### HOW TO COMPLETE THIS TASK
Your response to the data below should hold nothing except the lines from the one containing "The kitchen looks" down to the one containing "ノーカラーなので、首元にくるくるっとストールを巻くスタイルも好き。", reproduced exactly and without pictures.

### DATA TO USE
|---|

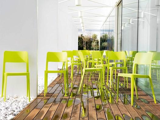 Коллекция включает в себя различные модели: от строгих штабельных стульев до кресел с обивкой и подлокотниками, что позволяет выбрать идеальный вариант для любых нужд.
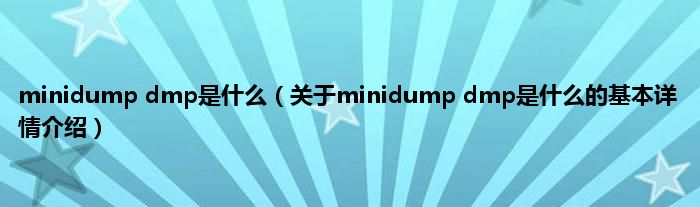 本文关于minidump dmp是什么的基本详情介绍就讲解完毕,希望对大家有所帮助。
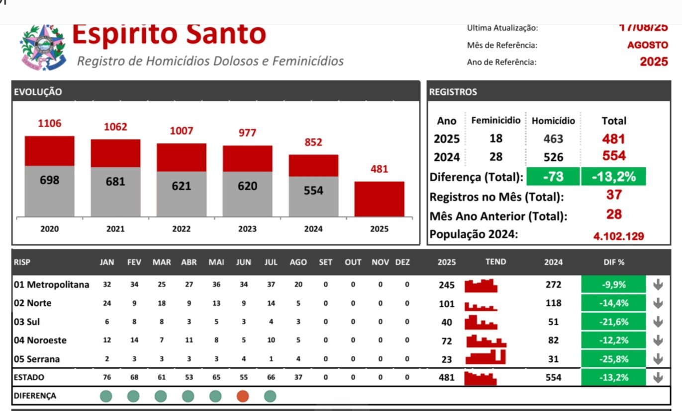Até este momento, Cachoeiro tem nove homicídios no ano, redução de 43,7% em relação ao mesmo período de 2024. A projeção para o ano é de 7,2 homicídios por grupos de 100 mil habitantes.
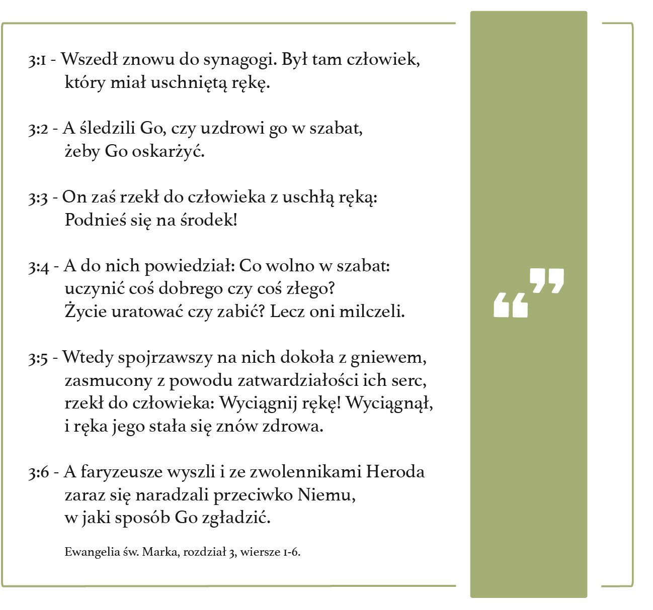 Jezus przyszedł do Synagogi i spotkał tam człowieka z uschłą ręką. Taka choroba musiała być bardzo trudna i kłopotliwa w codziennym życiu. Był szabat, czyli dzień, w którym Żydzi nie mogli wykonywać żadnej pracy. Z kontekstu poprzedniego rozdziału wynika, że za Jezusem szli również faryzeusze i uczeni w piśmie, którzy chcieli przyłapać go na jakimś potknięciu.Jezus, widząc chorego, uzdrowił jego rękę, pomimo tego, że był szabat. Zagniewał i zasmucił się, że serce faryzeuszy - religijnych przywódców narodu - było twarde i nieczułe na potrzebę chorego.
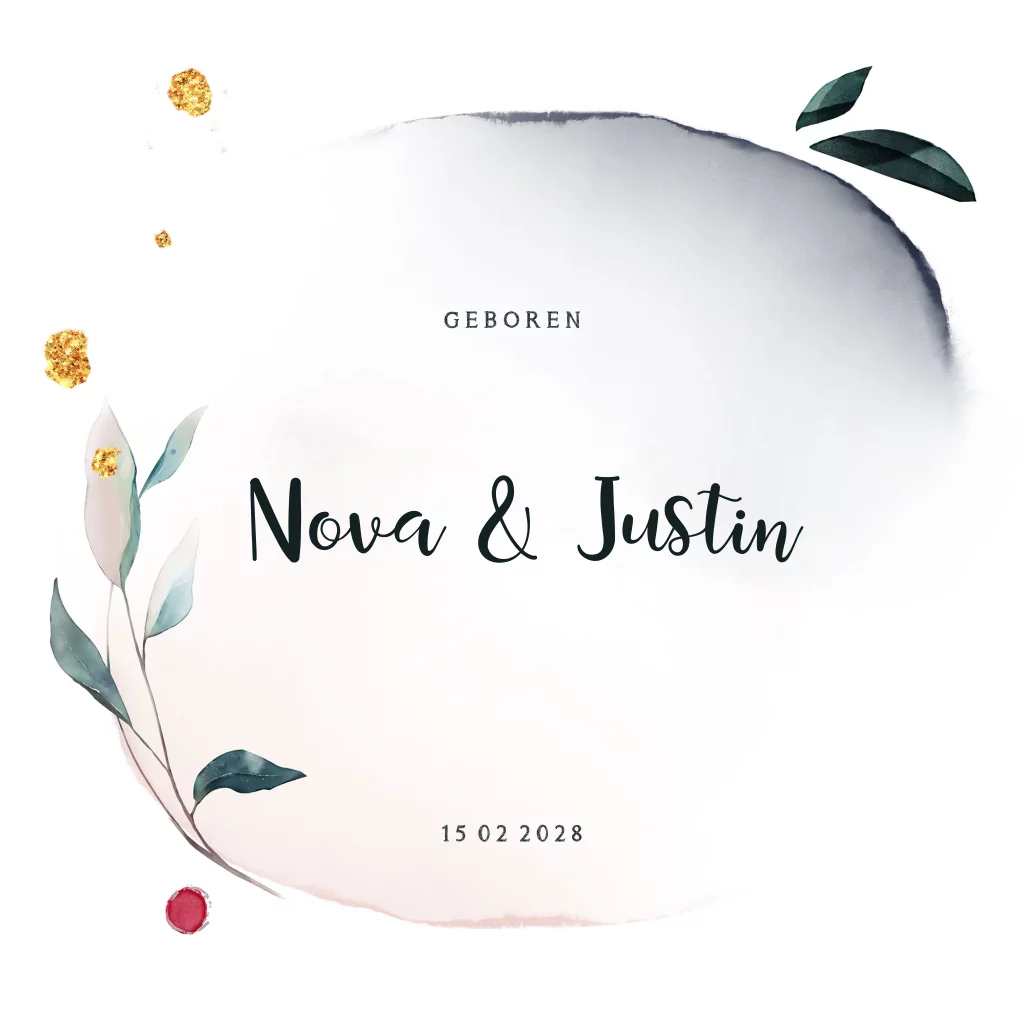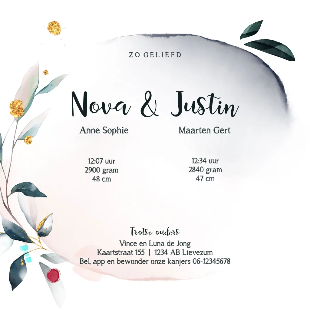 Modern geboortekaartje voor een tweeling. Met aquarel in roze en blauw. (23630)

|---|

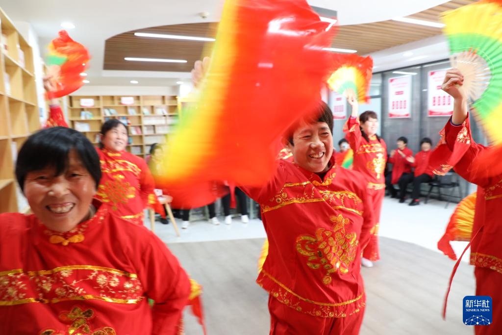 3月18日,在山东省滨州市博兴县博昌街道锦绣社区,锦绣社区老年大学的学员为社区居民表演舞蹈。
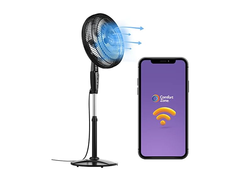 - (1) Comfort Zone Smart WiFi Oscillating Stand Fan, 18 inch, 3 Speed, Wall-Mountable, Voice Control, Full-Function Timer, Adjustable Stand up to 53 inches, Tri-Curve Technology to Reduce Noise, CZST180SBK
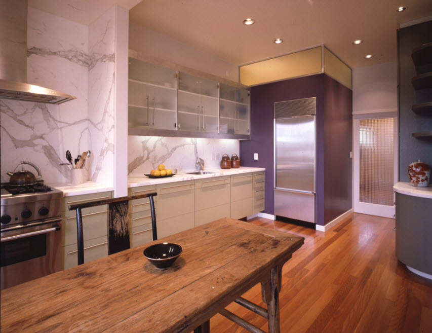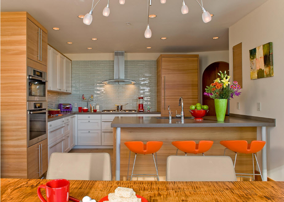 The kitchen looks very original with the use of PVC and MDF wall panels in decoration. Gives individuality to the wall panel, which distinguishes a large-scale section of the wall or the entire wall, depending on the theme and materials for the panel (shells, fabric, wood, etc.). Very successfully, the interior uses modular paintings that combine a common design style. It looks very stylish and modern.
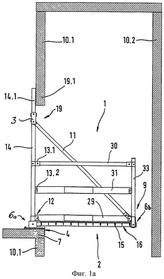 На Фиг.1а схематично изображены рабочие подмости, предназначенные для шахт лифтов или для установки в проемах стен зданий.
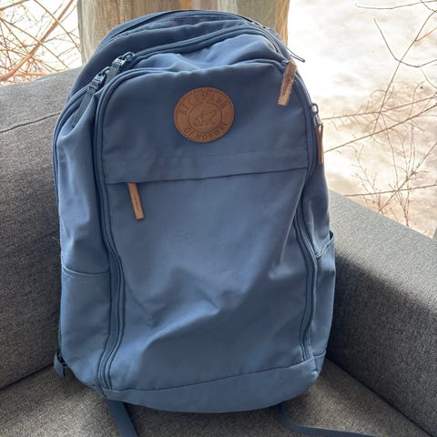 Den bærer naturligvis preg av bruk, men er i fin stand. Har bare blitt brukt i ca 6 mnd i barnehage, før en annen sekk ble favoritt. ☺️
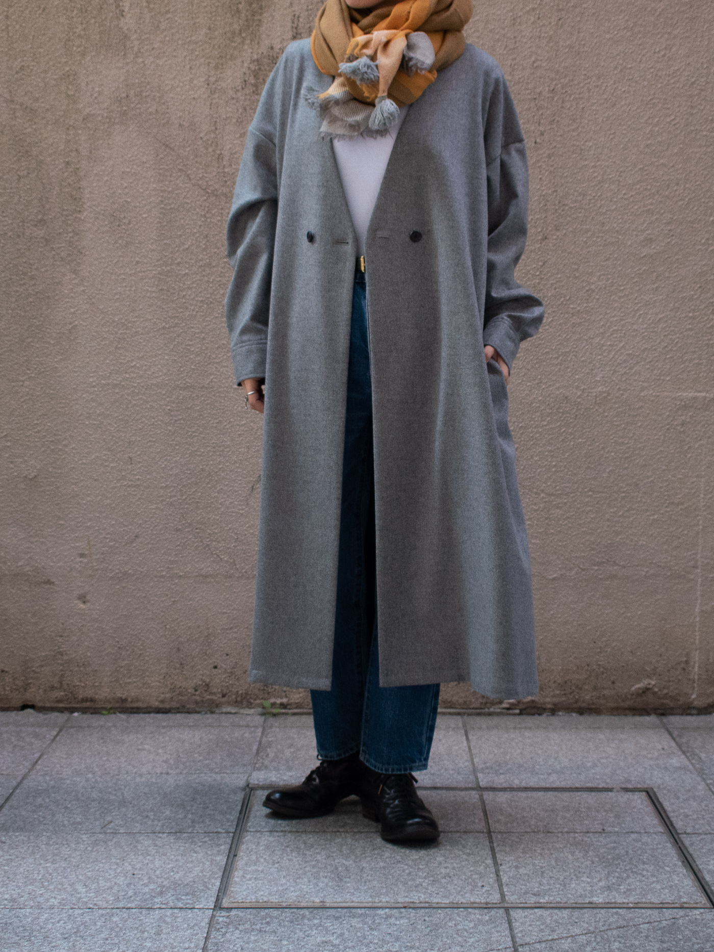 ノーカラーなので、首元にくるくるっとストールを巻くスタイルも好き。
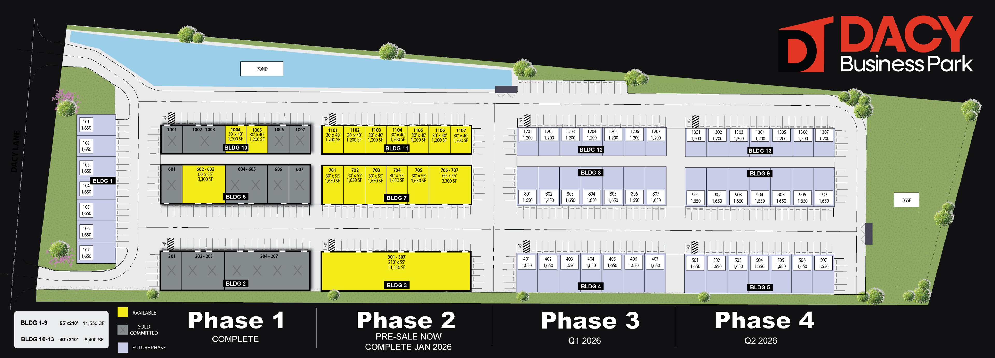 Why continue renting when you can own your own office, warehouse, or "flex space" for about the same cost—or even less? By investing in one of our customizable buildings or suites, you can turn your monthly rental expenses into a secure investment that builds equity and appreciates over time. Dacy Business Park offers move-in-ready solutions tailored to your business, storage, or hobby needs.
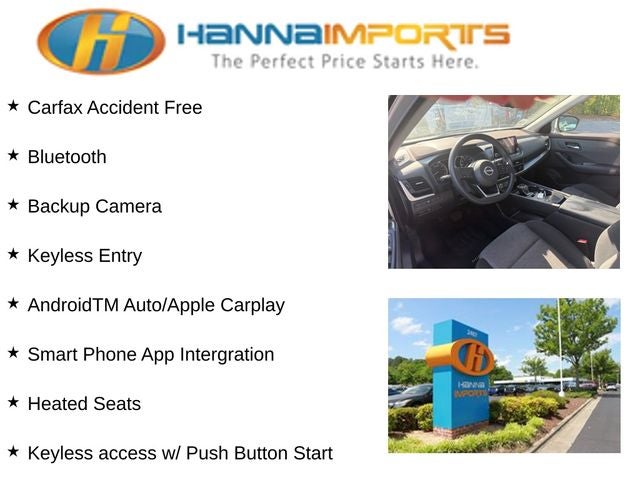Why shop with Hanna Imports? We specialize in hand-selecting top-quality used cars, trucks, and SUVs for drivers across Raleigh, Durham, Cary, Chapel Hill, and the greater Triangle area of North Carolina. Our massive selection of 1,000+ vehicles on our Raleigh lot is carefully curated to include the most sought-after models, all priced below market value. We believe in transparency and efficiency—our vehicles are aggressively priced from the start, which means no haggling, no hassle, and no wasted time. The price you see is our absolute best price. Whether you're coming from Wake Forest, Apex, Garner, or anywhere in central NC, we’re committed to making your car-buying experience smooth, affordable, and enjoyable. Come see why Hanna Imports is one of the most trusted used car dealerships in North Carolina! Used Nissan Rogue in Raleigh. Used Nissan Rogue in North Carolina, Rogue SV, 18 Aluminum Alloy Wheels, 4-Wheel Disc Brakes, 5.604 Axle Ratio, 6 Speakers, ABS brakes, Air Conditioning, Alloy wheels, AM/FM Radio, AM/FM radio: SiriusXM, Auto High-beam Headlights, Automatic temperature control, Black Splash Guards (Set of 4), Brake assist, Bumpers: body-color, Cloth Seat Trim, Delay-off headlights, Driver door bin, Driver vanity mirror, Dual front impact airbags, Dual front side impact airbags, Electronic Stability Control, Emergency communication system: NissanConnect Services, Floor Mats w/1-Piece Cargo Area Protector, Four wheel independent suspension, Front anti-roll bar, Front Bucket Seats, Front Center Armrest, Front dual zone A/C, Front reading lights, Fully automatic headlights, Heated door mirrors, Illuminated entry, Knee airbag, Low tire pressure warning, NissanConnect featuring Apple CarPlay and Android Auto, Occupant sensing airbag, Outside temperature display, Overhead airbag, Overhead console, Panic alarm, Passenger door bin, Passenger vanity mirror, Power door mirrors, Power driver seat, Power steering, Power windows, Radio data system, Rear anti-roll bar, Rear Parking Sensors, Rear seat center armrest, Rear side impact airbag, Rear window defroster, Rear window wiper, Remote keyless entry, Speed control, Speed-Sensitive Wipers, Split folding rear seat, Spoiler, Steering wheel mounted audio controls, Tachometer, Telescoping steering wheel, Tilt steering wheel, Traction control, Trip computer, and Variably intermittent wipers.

|---|

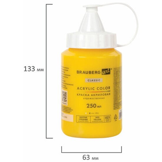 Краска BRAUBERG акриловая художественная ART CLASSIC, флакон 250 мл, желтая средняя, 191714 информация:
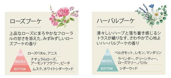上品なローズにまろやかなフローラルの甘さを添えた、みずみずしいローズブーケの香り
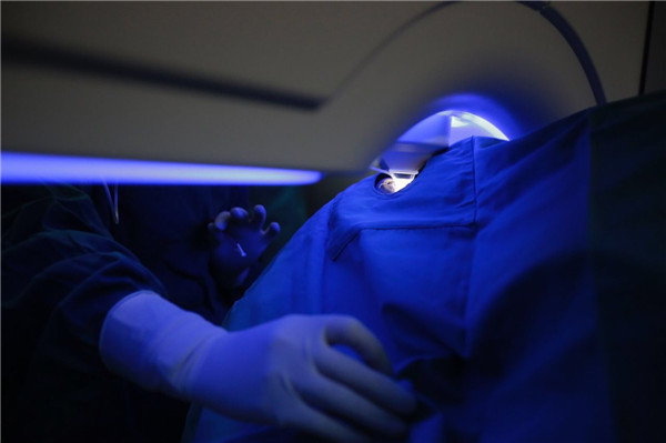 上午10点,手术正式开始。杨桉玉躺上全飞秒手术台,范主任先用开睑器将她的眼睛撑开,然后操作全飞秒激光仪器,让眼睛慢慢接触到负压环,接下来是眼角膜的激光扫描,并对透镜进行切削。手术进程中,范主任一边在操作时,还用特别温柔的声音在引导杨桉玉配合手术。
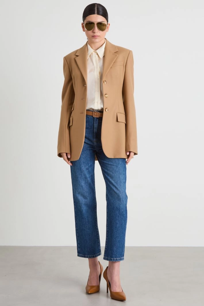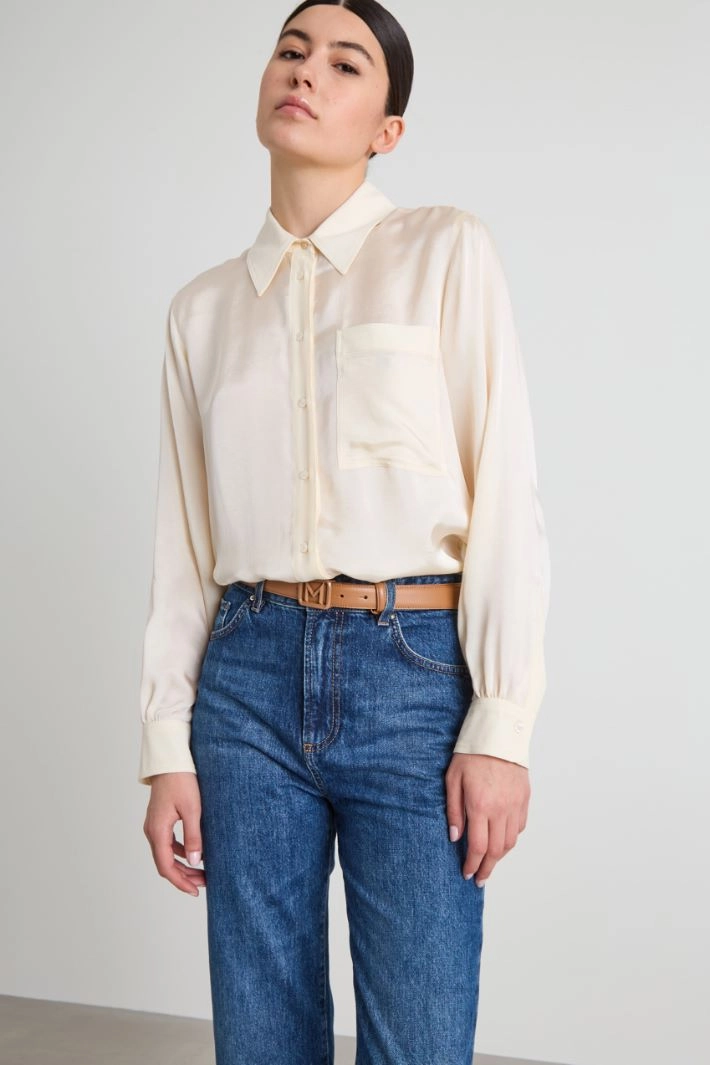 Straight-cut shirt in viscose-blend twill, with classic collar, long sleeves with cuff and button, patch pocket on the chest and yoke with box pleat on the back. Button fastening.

|---|

### YOUR SOLUTION
 The kitchen looks very original with the use of PVC and MDF wall panels in decoration. Gives individuality to the wall panel, which distinguishes a large-scale section of the wall or the entire wall, depending on the theme and materials for the panel (shells, fabric, wood, etc.). Very successfully, the interior uses modular paintings that combine a common design style. It looks very stylish and modern.
 На Фиг.1а схематично изображены рабочие подмости, предназначенные для шахт лифтов или для установки в проемах стен зданий.
 Den bærer naturligvis preg av bruk, men er i fin stand. Har bare blitt brukt i ca 6 mnd i barnehage, før en annen sekk ble favoritt. ☺️
 ノーカラーなので、首元にくるくるっとストールを巻くスタイルも好き。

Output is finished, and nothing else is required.